Suddenly she opened her eyes. ‘You!’ She sat upright, folding her arms over her chest.
He put a finger to his lips. ‘Quiet. Everyone’s asleep. Quick. Get dressed.’
‘Why?’
‘He’s leaving. Your man.’
Her eyes widened, in dismay. ‘So soon?’
‘Yes.’
‘But there’s no steamer. And at this time of year, I didn’t think he would be able to go.’
‘He’s hired a hori.’
‘But isn’t it too late now?’
‘No. They won’t be able to leave until the light’s better. Quick. You have to stop him. Too much has gone wrong for you, Dolly. Not again. Come. Quick.’
‘How?’
‘I’ll harness the trap and take you down to Mandvi. Quick.’
By the time she was dressed, the trap was outside, ready to go. Sawant had harnessed it to his fastest horse, a grey mare. He held out a hand to help Dolly in and then flicked the tip of his whip over the mare’s head. The trap lurched forward, and they went rattling down the hill, past the police lines, the gaol, the Cutchery. At the Jhinjhinaka bazaar, a pack of guard dogs ran howling after them as they went racing past. From a long way off they saw the hori, casting off its moorings and pulling away, under oar, into the bay.
‘Mohanbhai!’
He cracked his whip. ‘I can go no faster, Dolly.’

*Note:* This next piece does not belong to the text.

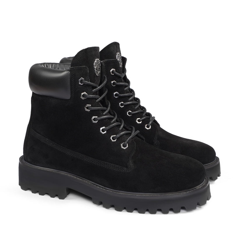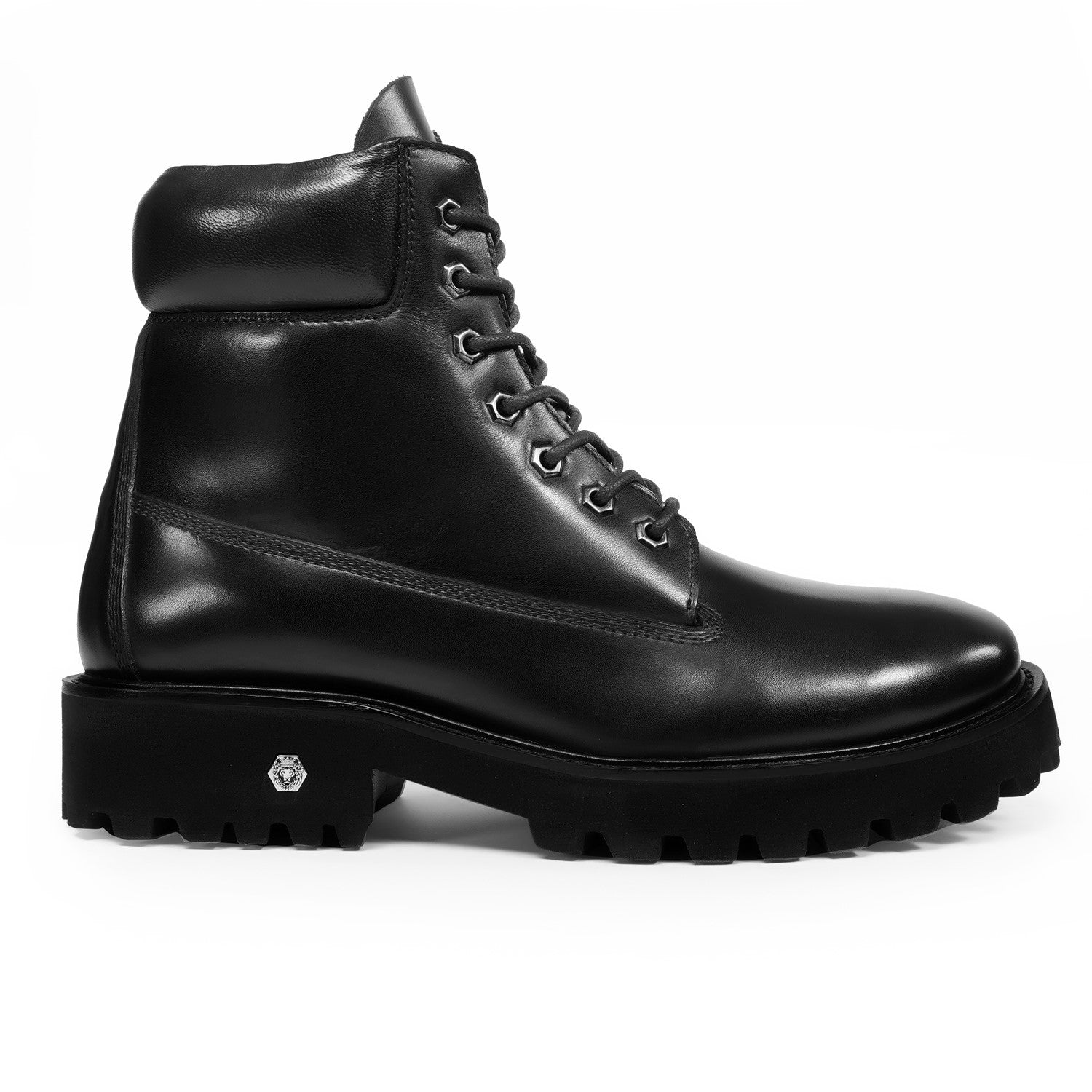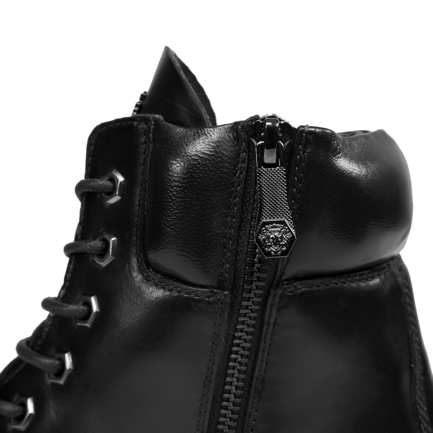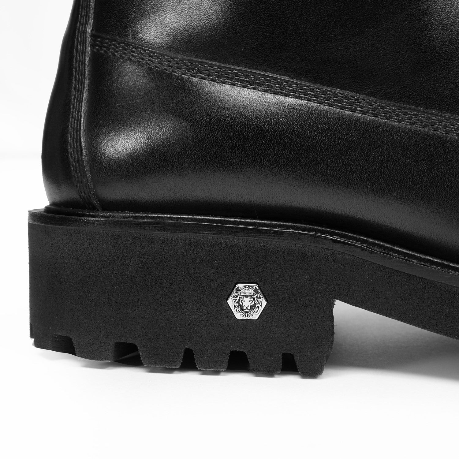 Lace-up closure makes it very convenient to adjust the boots according to your feet. The classic Signature Metal Lion Logo design make these boots an instant favorite of all chunky boot lovers. The ultra-lightweight sole makes it ideal footwear for all-day-long wear-ability and the thick high lightweight sole complements the comprehensive look. White rubberized sole enhances the grip on different terrains. This is the perfect gem for boot lovers from the style bucket of Brune & Bareskin.

When they reached the jetty the boat was a long way gone, approaching the mouth of the bay. ‘Run, Dolly, run!’ Sawant leapt off and gripped the mare’s bit. ‘Run! Run!’
She ran down the jetty, waving: in the distance the boat was trying to manoeuvre its bows so that it would be able to slip through the shoals and currents ahead. Its stern bucked furiously as it approached the pounding waters of the open sea. In a few minutes it would be out of the bay. She waved again and just as she was about to give up the hori’s bows began to turn, away from the bay’s mouth. Circling all the way around the bay the heavy craft came back to the waterfront, pulling up at the end of the jetty. The hori sat high in the water and Rajkumar easily vaulted the distance between the boat and the jetty’s outermost plank.